Pero si de realidad se trata, por más que se los adiestre, no pueden y jamás van a hablar.

Solo puede realizar la interrogación del Otro un ser pensante y hablante al que el

pensamiento le ha dado un cuerpo, no una mera extensión. Insistiremos en que el acto de

interrogar conlleva hacerse independiente de la huella –aunque se la tenga en cuenta– que

ha marcado el Otro, el científico experimentador. O bien la madre, el Nebensmench por

excelencia, si transpolamos íntegramente este cuadro a la situación de advenimiento

subjetivo.

Para poder interrogar el deseo de quien pretende condicionar, se crea entonces un hiato, un

desasimiento posible de las huellas –paradójicamente posible solo si el Otro se ha dedicado

a inscribirlas–. Esta operación inconsciente con toda propiedad es la que en adelante hará

que sea el borramiento de la huella practicado por el significante incorporado a cargo del

propio parlante, el que represente al sujeto que necesariamente se aparta del

condicionamiento del Otro. 

Un sujeto aparece en lo real en virtud del significante, al borrar las huellas[10] dejadas a su

paso por el Otro. A tal fin el significante debe incorporarse por identificación, tomándolo

del lugar donde, como es lógico, se encuentra primero el Otro. Al ser identificado desde el

lugar del Otro, la identificación tornará al significante en el representante del sujeto que

emerge del borramiento mismo.

El sujeto paradójicamente tanto comandado por esta instancia literal en el inconsciente

como comandándola se asienta en el lugar de la pérdida de la cosa, tal como se ha señalado

en el esquema al inicio de este capítulo, y ante los enigmas de la existencia puede

hipotéticamente producir una respuesta propia, novedosa –que es muchas veces al mismo

tiempo un síntoma–.

El ser parlante se encuentra entonces sometido a las huellas de su historia, pero en su

condición paradojal deviene sujeto al hacérsele posible borrar las huellas del Otro. 

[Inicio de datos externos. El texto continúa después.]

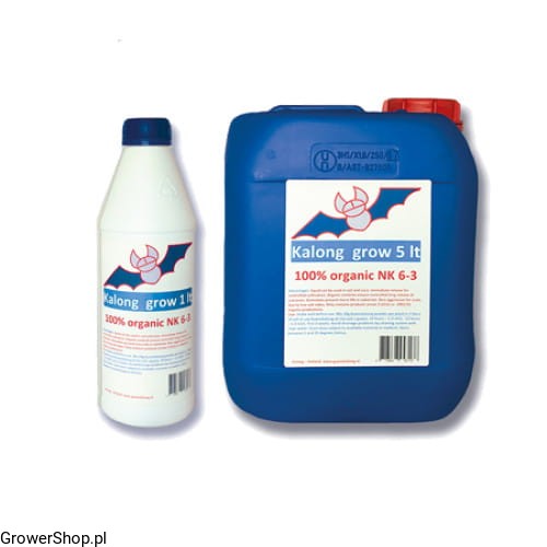 Kalong grow i Kalong bloom – razem z Guanokalong w proszku... kompletny zestaw nawozów organicznych Korzyści: płynu można używać do podłoży ziemnych i kokosowych. Wchłania się natychmiast i uwalnia przez długi czas. Stymuluje rozwój pożytecznych mikroorganizmów w ziemi. Łagodny dla korzeni dzięki niskiej zawartości soli. Zawiera tylko składniki organiczne zgodne z products annex 2 (EEG) nr. 2092/91.

Del borramiento de la huella y la nueva inscripción que realiza el sujeto que surge de este

mismo borramiento depende entonces el nacimiento de un sujeto en lo real. No podemos

por lo tanto estar de acuerdo con la idea de que el inconsciente está dado por el conjunto de

huellas impresas en las terminales sinápticas del sistema nervioso.

En el ejercicio del lenguaje, el parlêtre opera un giro en más que solo puede caracterizar

debidamente el psicoanálisis: utilizará o borrará según la posición que adopte como sujeto

las huellas marcadas por el otro al “condicionar” la palabra, hábitat emblemático de lo

humano.

El nódulo mismo del inconsciente es creado al poderse borrar la huella y no ser ya una

marioneta del oscuro deseo del Otro condicionante. La raíz real del inconsciente estará dada

por ese lugar vacío tras el borramiento. Si esta raíz faltara, no existiría inconsciente, sino un

mero reservorio de los productos de cambios químicos.

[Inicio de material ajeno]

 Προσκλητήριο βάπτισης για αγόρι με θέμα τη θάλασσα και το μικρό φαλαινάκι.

El inconsciente tal como lo plantea Freud permite cierta amplitud, un libre juego que puede

haber hecho pensar a Kandel, Ansermet o Magistretti, en total buena fe, que habían hallado

por fin el Santo Grial de su asiento neuroquímico.

Lacan traza en cambio un corte neto con toda posibilidad de confusión entre ciencias

biológicas y psicoanálisis cuando subraya al inconsciente como hiancia. A pesar de que

apostamos al hecho de que, de estar hoy con vida, no dejaría de llevar adelante una lectura

de estos autores y una crítica interlocución. Si se nos permite insistir en el tema, este corte

neto no debiera implicar que el psicoanálisis ignore deliberadamente los sensacionales

progresos de aquellas ni las variadas controversias que se agitan en el imaginario del

público culto-informado promedio de nuestro tiempo.

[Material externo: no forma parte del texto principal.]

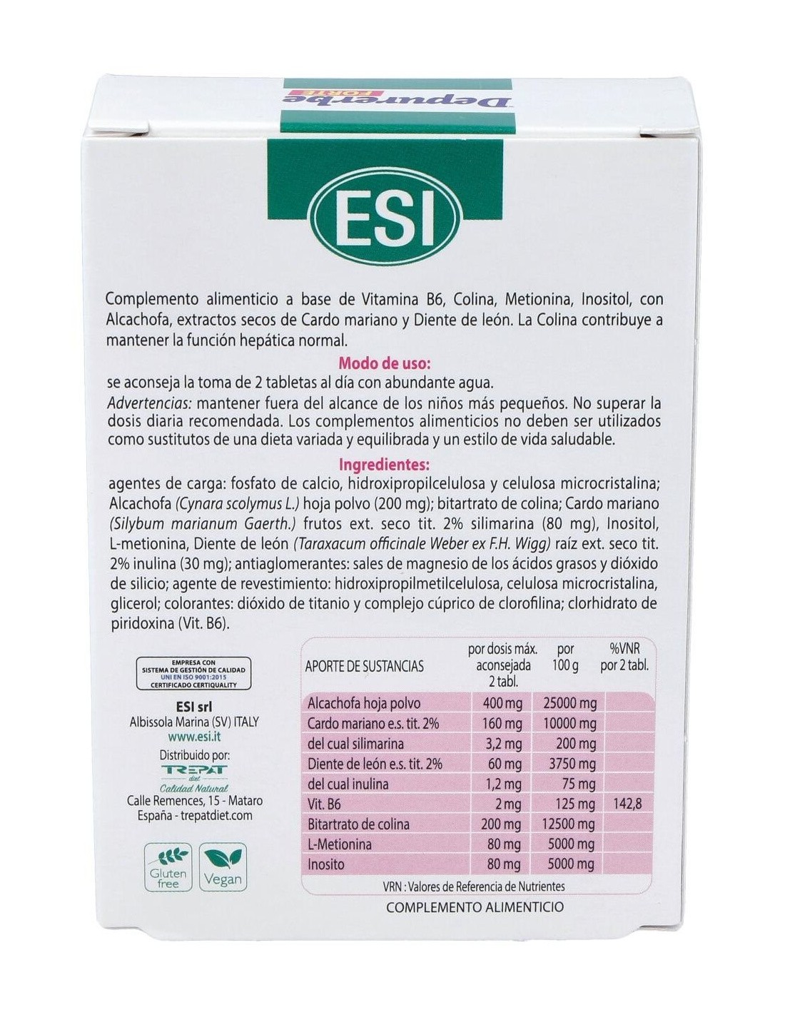 Producto herborístico a base de extractos vegetales depurativos y desintoxicantes, ayuda al organismo en la eliminación de las toxinas y mantiene limpio el hígado y los riñones de forma natural. Cuando deseamos ayudar al organismo a eliminar toxinas, cuando el cansancio y agotamiento no nos permiten estar en forma, cuando nos excedemos al comer y tenemos el hígado fatigado, cuando deseamos recuperar una natural forma física y un mejor aspecto de la piel. Composición por dosis diaria recomendada (2 comprimidos):

El inconsciente es un cero creador, un vacío de huella, de representación, capaz de

complicadas invenciones que no están al alcance de nuestra aplisia ni del sufrido perro

pavloviano. No estamos colonizados en un cien por ciento por aquel que nos piensa, a

diferencia de estos seres. 

Y son los síntomas las más notorias creaciones que brotan de este agujero central, “como el

hongo de su micelio”[11]. Imposible pretender borrarlos, hacerlos desaparecer, situándolos

como anomalías del sistema nervioso. El inicio de la subjetividad está dado en el punto de

borramiento de la huella del paso del Otro, incestuoso si se quiere.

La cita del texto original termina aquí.